[Problem to solve]
Every entry must be repeated exactly. Exclude all pictures.

- Opening Delimiter -

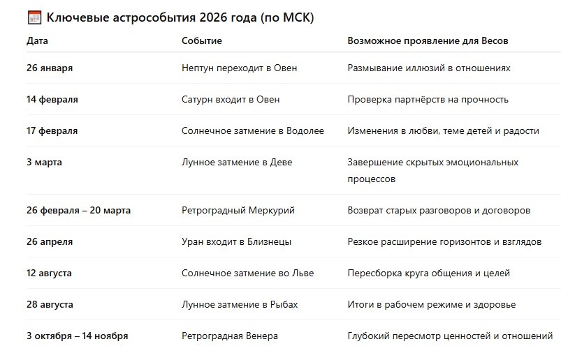 По работе 2026 может принести Весам выход в более сильную позицию через команду и связи. Особенно во второй половине года. И, кстати, 12 августа солнечное затмение во Льве - это ваш 11 дом гороскопа: друзья, команда, аудитория, окружение. У кого-то это будет новая группа/сообщество, которое реально двигает карьеру.
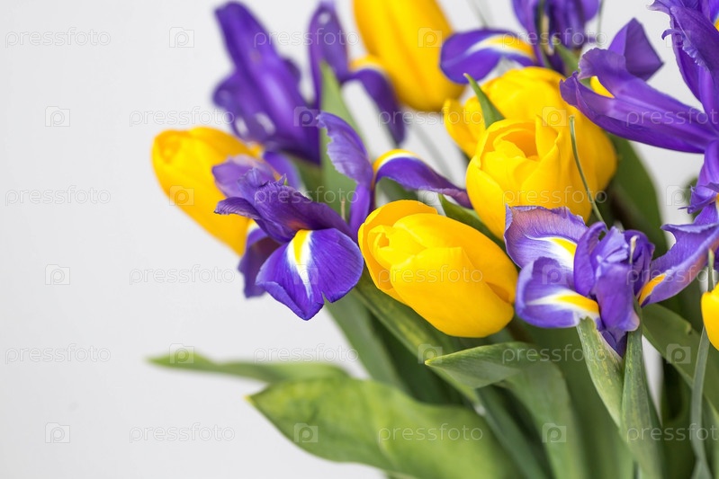 Букет желтых тюльпанов и фиолетовых ирисов на белом изолированном фоне. Концепция наступления весны и Международного женского дня 8 марта
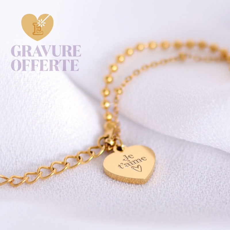 Réalisé en acier inoxydable 316L, ce bracelet existe en finitions dorée ou argentée, au choix. Son médaillon cœur peut être personnalisé avec une gravure OFFERTE, pour y inscrire un prénom, une date, ou tout simplement un “Je t’aime”. Une chaîne double et perlée, à la fois délicate et moderne, vient sublimer le poignet avec une touche élégante et intemporelle.
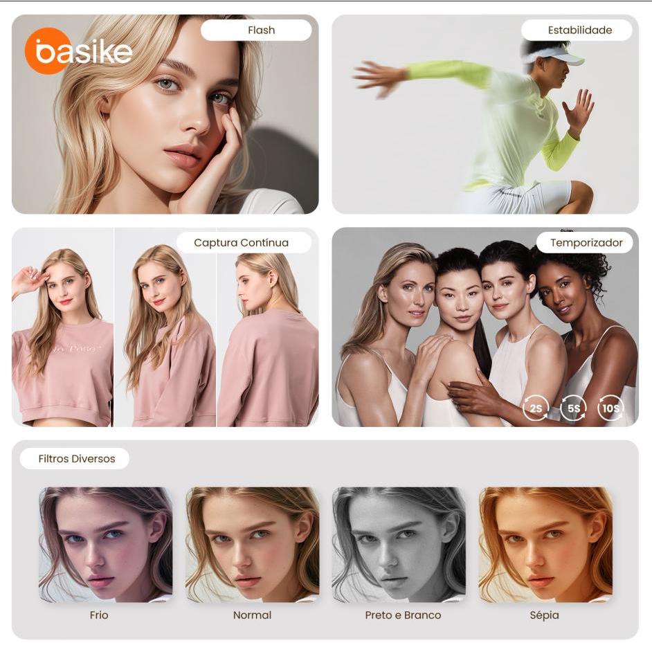 Astgn X Basike Câmera Digital Compacta | 64MP | 4K | Zoom 16X | Tela Rotativa 2.8” | Portátil
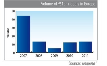 unquote" data reveals the picture is not quite as rosy as many market commentators had predicted earlier in the year. As the below graph shows, mega-buyout activity has barely increased since last year, with just 13 deals valued at over €1bn in 2011, compared to a whopping 44 in 2007 before the financial crisis hit.
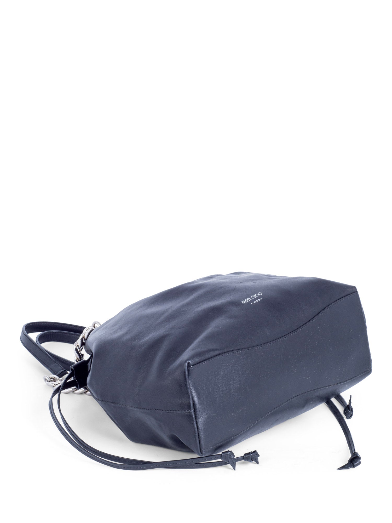 Jimmy Choo Top Handle Bucket Bag or . This Jimmy Choo bag is in black leather with silver hardware and tassel detail on the front. It features drawstring top closure and dual top handles in leather with silver tone chain. This bag opens to grey leather lined interior with one zippered pocket. Made in Italy.
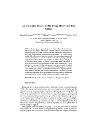 Published in: Bakkes, Sander, Bellotti, Francesco, Dondio, Pierpaolo, Ninaus, Manuel, Wannick, Vanissa and Bucchiarone, Antonio eds.
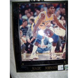 MAGIC JOHNSON HAND SIGNED "LA LAKERS BASKETBALL" PLAQUE
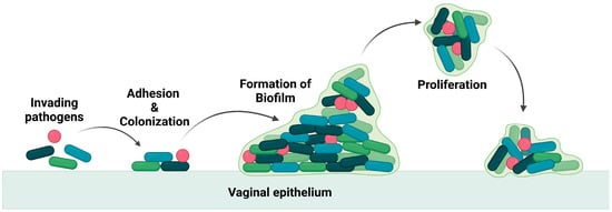 These pathogens thrive in the vagina by producing a biofilm that leads to the recurrence of the infection even after treatment [6,7], as the biofilm is an adaptation of the bacteria to resist any applied drugs and evade the immune system. The biofilm is composed of a group of pathogenic microbes adhered to one another on a surface that is, by extracellular polymeric substances, produced by the microbes. The formation of biofilm is illustrated in Figure 2. Biofilm is a physical barrier that limits the accessibility of drug molecules and enhances the thriving of pathogens. In this aspect, any drug formulation for vaginal delivery should not be harmful to the vaginal flora and its environment.
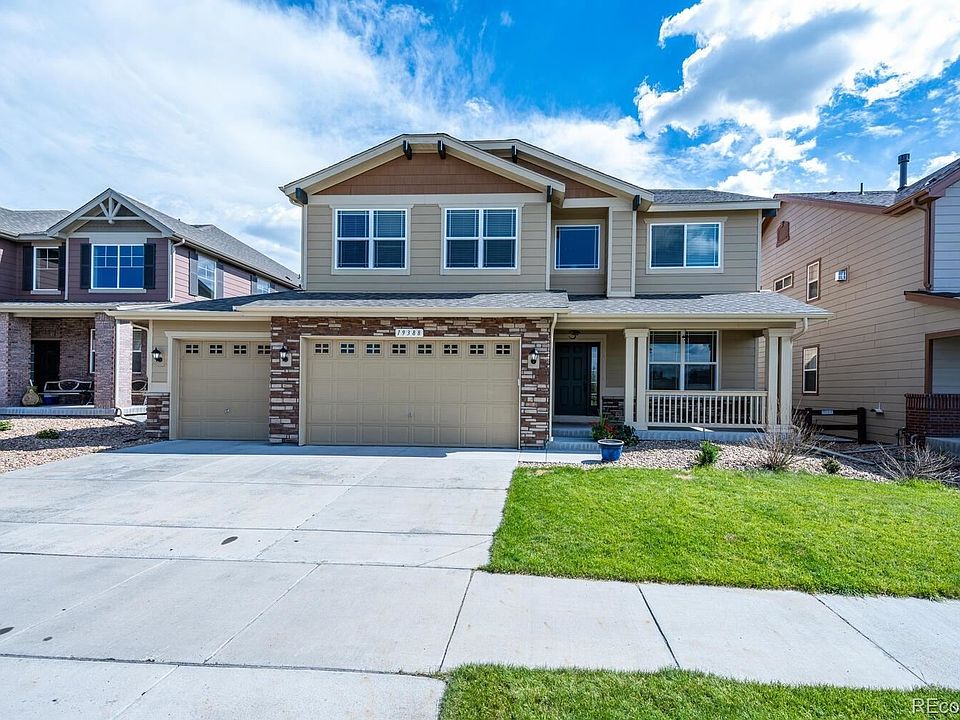 Amazing and beautiful spacious home featuring 5 bedrooms, 5 baths with 4-car garage with spacious floor plan. The open floorplan is an entertainer's dream which also features a covered patio off the kitchen for those beautiful Colorado evenings. Stainless appliances, Large center island with slab granite counters. The main floor has both formal living/dining rooms, the family room with a gas fireplace, a bedroom or study/den, half bath in Main floor, and hardwood floors. Two bedrooms upstairs are connected by a jack-and-jill bath, and a third bedroom has its own bath. The fourth or Primary bedroom suite is oversized with vaulted ceilings, walk-in closet, and 5-piece bath. 60% Basement finished with big hall, Bed room and full bath room, there are two unfinished rooms for lot of storage. Lots of windows and natural light throughout the home! Conveniently located at Stroh Road, walkable distance to shopping, restaurants and parks.
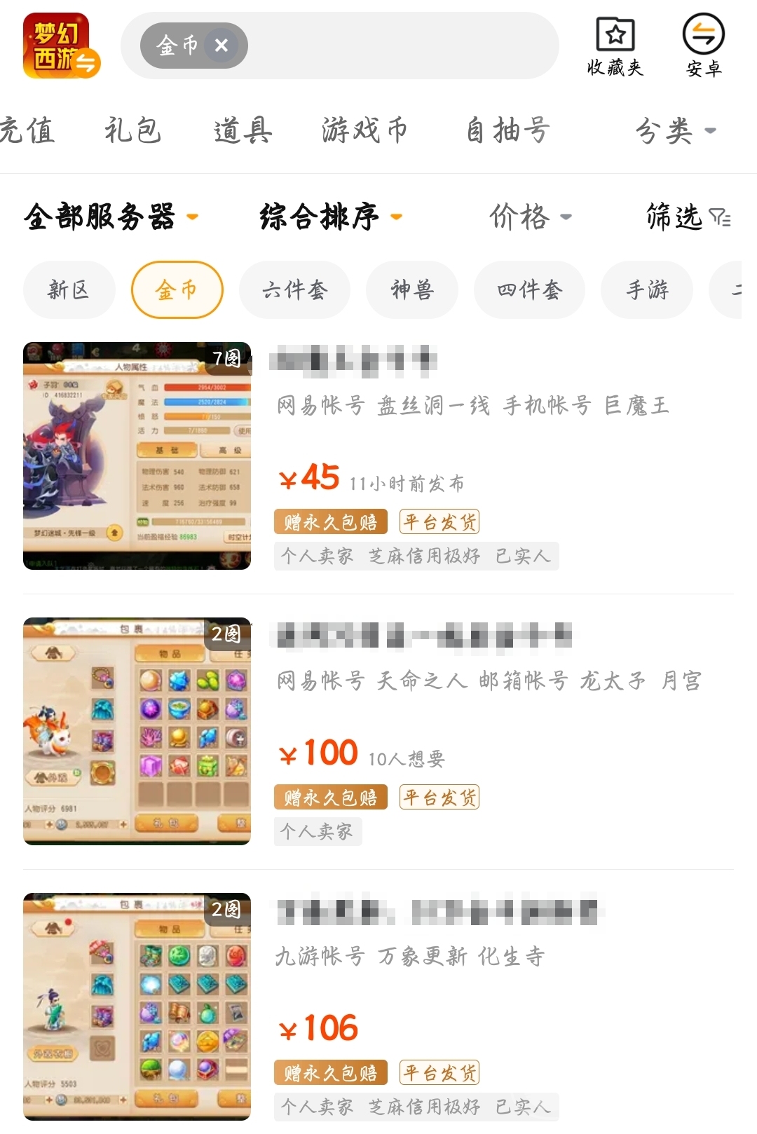 找金幣號也很簡單,大家登錄該平臺之后,搜索夢幻西游這個游戲的名稱,然后找到相應(yīng)的交易專區(qū),在交易專區(qū)里可以根據(jù)自己想要購買的賬號類型進行篩選,選擇金幣區(qū)間之后,大家能夠看到的都是金幣資源非常豐富的賬號,價格不等有幾十上百,小伙伴們根據(jù)具體的資源情況和手里的資金情況去選擇就可以了。

- Closing Delimiter -

[Answer to this problem]
 По работе 2026 может принести Весам выход в более сильную позицию через команду и связи. Особенно во второй половине года. И, кстати, 12 августа солнечное затмение во Льве - это ваш 11 дом гороскопа: друзья, команда, аудитория, окружение. У кого-то это будет новая группа/сообщество, которое реально двигает карьеру.
 Букет желтых тюльпанов и фиолетовых ирисов на белом изолированном фоне. Концепция наступления весны и Международного женского дня 8 марта
 Réalisé en acier inoxydable 316L, ce bracelet existe en finitions dorée ou argentée, au choix. Son médaillon cœur peut être personnalisé avec une gravure OFFERTE, pour y inscrire un prénom, une date, ou tout simplement un “Je t’aime”. Une chaîne double et perlée, à la fois délicate et moderne, vient sublimer le poignet avec une touche élégante et intemporelle.
 Astgn X Basike Câmera Digital Compacta | 64MP | 4K | Zoom 16X | Tela Rotativa 2.8” | Portátil
 unquote" data reveals the picture is not quite as rosy as many market commentators had predicted earlier in the year. As the below graph shows, mega-buyout activity has barely increased since last year, with just 13 deals valued at over €1bn in 2011, compared to a whopping 44 in 2007 before the financial crisis hit.
 Jimmy Choo Top Handle Bucket Bag or . This Jimmy Choo bag is in black leather with silver hardware and tassel detail on the front. It features drawstring top closure and dual top handles in leather with silver tone chain. This bag opens to grey leather lined interior with one zippered pocket. Made in Italy.
 Published in: Bakkes, Sander, Bellotti, Francesco, Dondio, Pierpaolo, Ninaus, Manuel, Wannick, Vanissa and Bucchiarone, Antonio eds.
 MAGIC JOHNSON HAND SIGNED "LA LAKERS BASKETBALL" PLAQUE
 These pathogens thrive in the vagina by producing a biofilm that leads to the recurrence of the infection even after treatment [6,7], as the biofilm is an adaptation of the bacteria to resist any applied drugs and evade the immune system. The biofilm is composed of a group of pathogenic microbes adhered to one another on a surface that is, by extracellular polymeric substances, produced by the microbes. The formation of biofilm is illustrated in Figure 2. Biofilm is a physical barrier that limits the accessibility of drug molecules and enhances the thriving of pathogens. In this aspect, any drug formulation for vaginal delivery should not be harmful to the vaginal flora and its environment.
 Amazing and beautiful spacious home featuring 5 bedrooms, 5 baths with 4-car garage with spacious floor plan. The open floorplan is an entertainer's dream which also features a covered patio off the kitchen for those beautiful Colorado evenings. Stainless appliances, Large center island with slab granite counters. The main floor has both formal living/dining rooms, the family room with a gas fireplace, a bedroom or study/den, half bath in Main floor, and hardwood floors. Two bedrooms upstairs are connected by a jack-and-jill bath, and a third bedroom has its own bath. The fourth or Primary bedroom suite is oversized with vaulted ceilings, walk-in closet, and 5-piece bath. 60% Basement finished with big hall, Bed room and full bath room, there are two unfinished rooms for lot of storage. Lots of windows and natural light throughout the home! Conveniently located at Stroh Road, walkable distance to shopping, restaurants and parks.
 找金幣號也很簡單,大家登錄該平臺之后,搜索夢幻西游這個游戲的名稱,然后找到相應(yīng)的交易專區(qū),在交易專區(qū)里可以根據(jù)自己想要購買的賬號類型進行篩選,選擇金幣區(qū)間之后,大家能夠看到的都是金幣資源非常豐富的賬號,價格不等有幾十上百,小伙伴們根據(jù)具體的資源情況和手里的資金情況去選擇就可以了。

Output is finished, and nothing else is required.